As we move into the third part of this series, we turn our attention to the algorithms that compose our comparable embeddings into a database. The choice of algorithm used in a vector database is a critical factor that can significantly impact its performance. Different algorithms have different strengths and weaknesses, and the choice of algorithm can have a profound effect on: the latency, throughput, build time, accuracy, and re-indexing capabilities of a vector database. Understanding these algorithms is not just a matter of academic interest; it’s a practical necessity for anyone looking to get the best performance out of their vector database. Different products use different algorithms, and the performance of these products can vary widely depending on the size and shape of your data. In the following sections, we will delve into these algorithms, explore their performance trade-offs, and provide you with the knowledge you need to make an informed choice when evaluating vector database and vector index solutions.

Introducing the families of Algorithms

Now that we know the importance of choosing the right algorithm for our vector database, let’s introduce the types of algorithms we have at our disposal. Each family of algorithms: tree-based, quantization, hashing, clustering, and graph methods — comes with its own set of performance trade-offs. These trade-offs can significantly impact the latency, throughput, build time, accuracy, and re-indexing capabilities of a vector database. Note: Some argue that there are only three distinct categories; trees, hashes, and graphs. I purposefully added clustering and quantization methods as well since I think they are unique enough to merit their own explanation, but know that some folks would categorize quantization as a hashing algorithm and clustering as a graphing algorithm which is also true.

Tree-based methods are efficient for low-dimensional data and offer exact nearest neighbor search. However, their performance generally degrades in high-dimensional spaces due to the “curse of dimensionality”. They also require substantial memory and are less efficient for large datasets, leading to longer build times and higher latency.

Quantization methods are memory-efficient and offer fast search times by compressing vectors into compact codes. However, this compression can lead to a loss of information, potentially reducing search accuracy. Additionally, these methods can be computationally expensive during the training phase, increasing build time.

Hashing methods are fast and relatively memory-efficient, mapping similar vectors to the same hash bucket.
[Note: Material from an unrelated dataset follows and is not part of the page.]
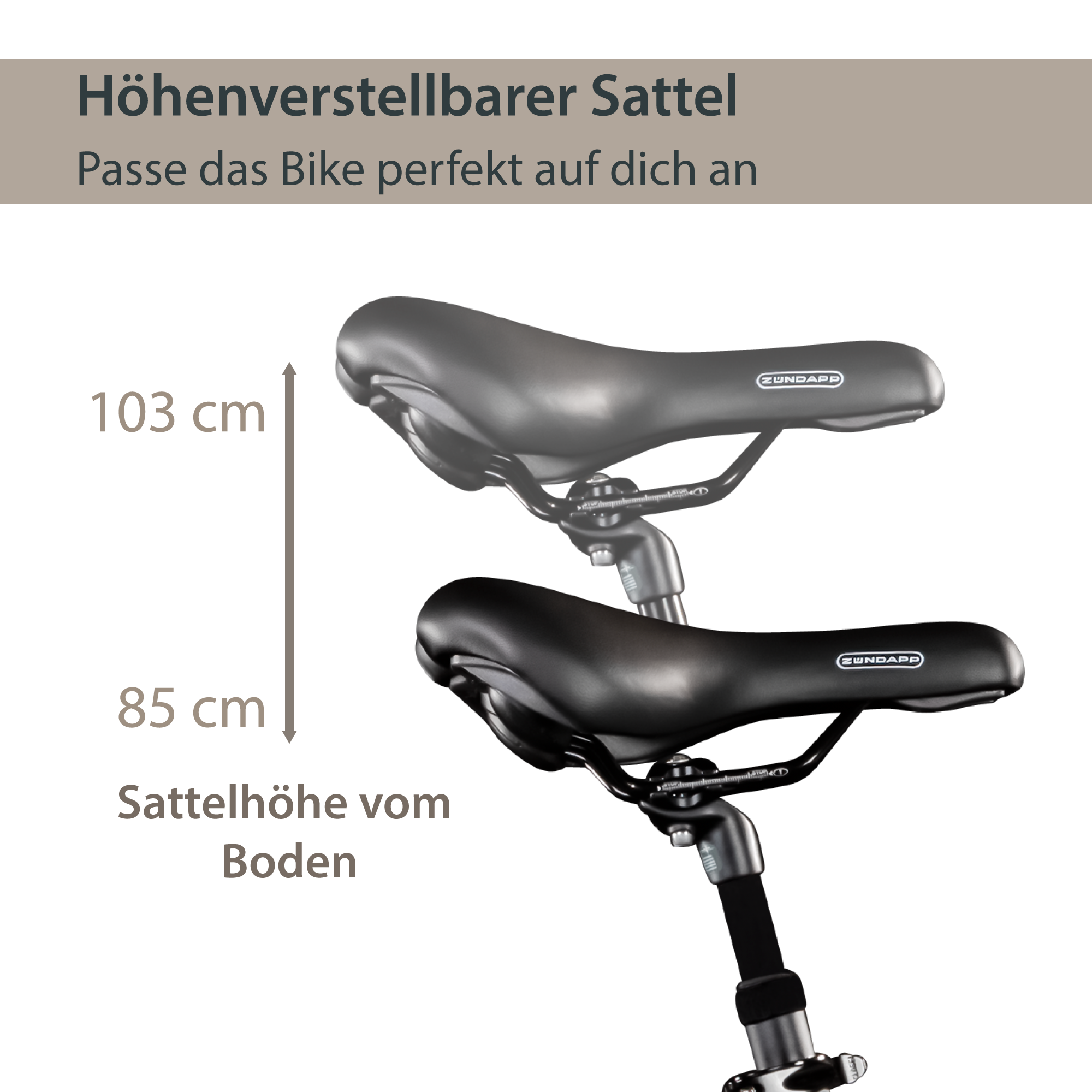 Der leichte Aluminiumrahmen mit tiefem Einstieg ermöglicht ein müheloses Auf- und Absteigen in den gepolsterten Sattel. Die Rahmenform sorgt für eine aufrechte, bequeme Sitzposition, unterstützt durch den nach hinten gekröpften Citylenker. Dank des winkelverstellbaren Vorbaus lässt sich die Lenkerposition individuell anpassen. Die Starrgabel besitzt den Vorteil, dass sie vollkommen wartungsfrei ist. Für zusätzlichen Fahrkomfort sorgt die gefederte Sattelstütze, die du in der Höhe anpassen kannst.

They perform well with high-dimensional data and large-scale datasets, offering high throughput; However, the quality of search results can be lower due to hash collisions leading to false positives and negatives. Choosing the right number of hash functions and the number of hash tables are imperative as they significantly affect performance.

Clustering methods can expedite search operations by narrowing down the search space to a specific cluster, but the accuracy of the search results can be influenced by the quality of the clustering. Clustering is typically a batch process, which means it’s not well-suited to dynamic data where new vectors are constantly being added, leading to frequent re-indexing.

Graph methods provide a good balance between accuracy and speed. They are efficient for high-dimensional data and can provide high-quality search results. However, they can be memory-intensive, as they need to store the graph structure, and the construction of the graph can also be computationally expensive.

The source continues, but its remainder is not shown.